Avenue 5 premieres on HBO Sunday, January 19th.
"A problem," decrees a character on HBO's sci-fi comedy series Avenue 5, "is just a solution without a solution."
The problem facing the crew and passengers of Avenue 5 — a massive space-cruise-ship in the not too distant future on its maiden 8-week cruise around Saturn — has to do with its trajectory.
Said trajectory ... is off. Way, way off, due to an accident that takes place in the opening minutes of the premiere. A solution is not forthcoming, given the crew's practiced facility at surrendering responsibility and shifting blame.
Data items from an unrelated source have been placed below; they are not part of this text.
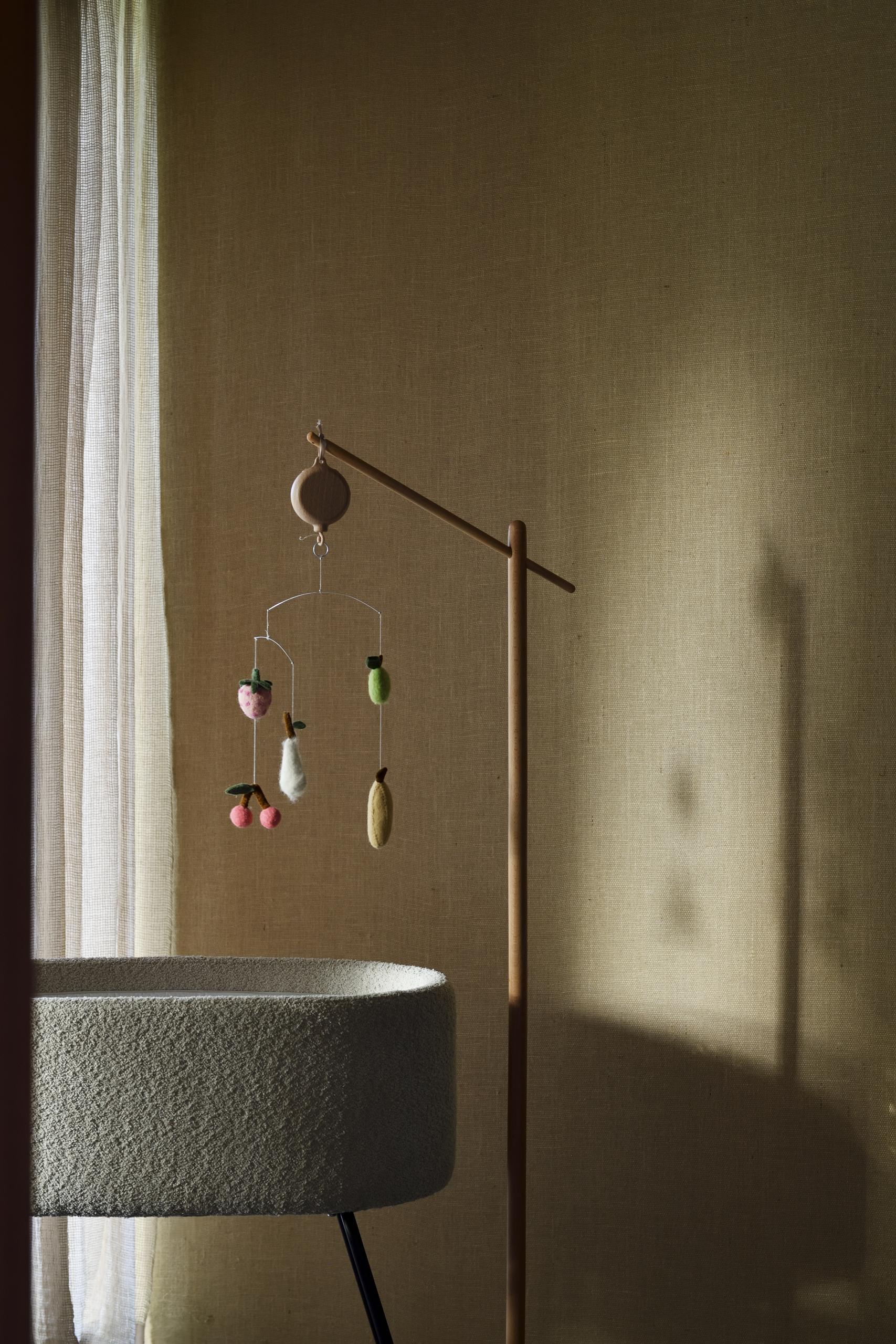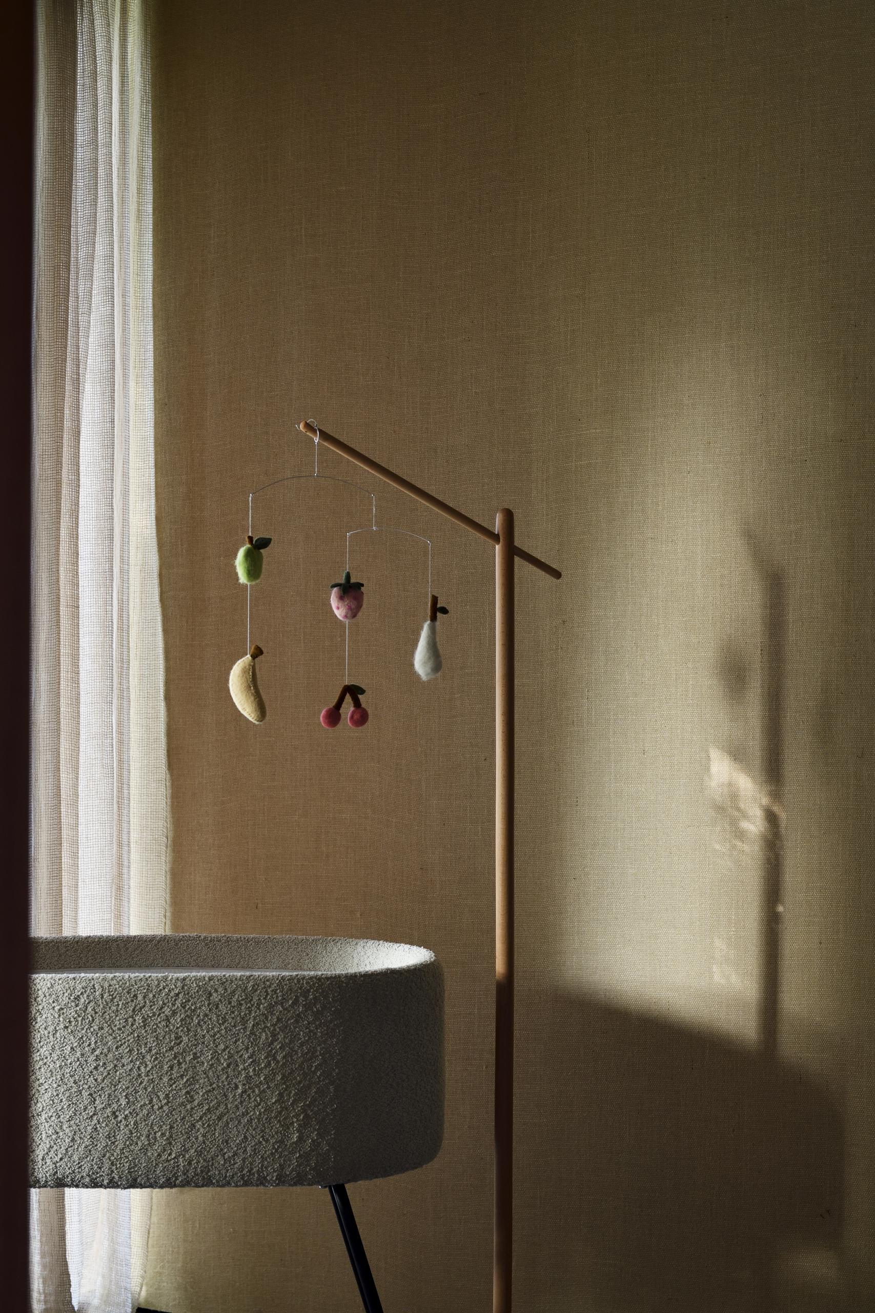 Óróinn festist auðveldlega á Viðar standur - Wooden Stand- Mobile (selt sér) og myndar mjúka, svífandi hreyfingu yfir rúmi, leikgrind eða matarstól. Þetta skapar róandi og sjónrænt örvandi andrúmsloft fyrir barnið.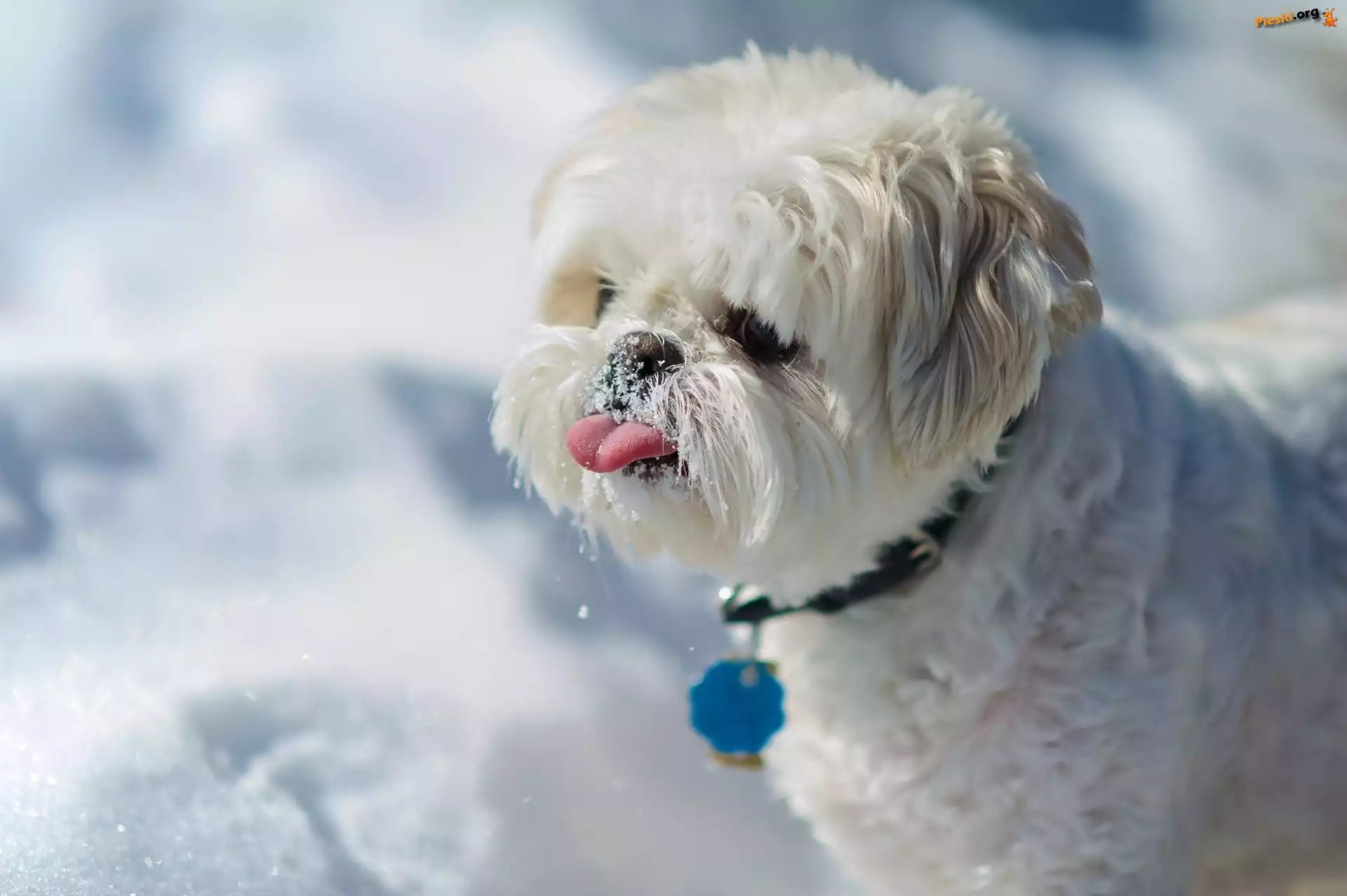 Język, Piesek, Słodki, Shih Tzu, Śnieg, Pieski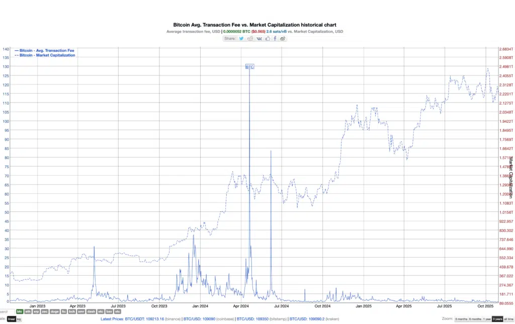 Non necessariamente per valutare il futuro valore dei token legati alle blockchain di cui sopra. Il prezzo delle criptovalute – o almeno di certe criptovalute – è sempre stato slegato da questo tipo di fondamentali. Un esempio classico è quello di Bitcoin. Nel grafico allegato l’unico momento di correlazione tra commissioni (in linea continua) e prezzo (in linea tratteggiata) è stato a fine 2023 – inizio 2024.

Which clues you in on what sets Avenue 5 apart from previous lost-in-space TV fare like Star Trek: Voyager, Farscape, The Lost Saucer, Far Out Space Nuts, and, not to put too fine a point on it, Lost in Space: its provenance.
It was created by the team behind the brilliantly sharp The Thick of It – Armando Iannucci (the creator and original showrunner of the sharply brilliant Veep), Simon Blackwell and Tony Roche. Of the four episodes made available to the press, Iannucci gets a "story by" credit on each, but a "teleplay by" credit on only the pilot, which is also the only episode he directed himself.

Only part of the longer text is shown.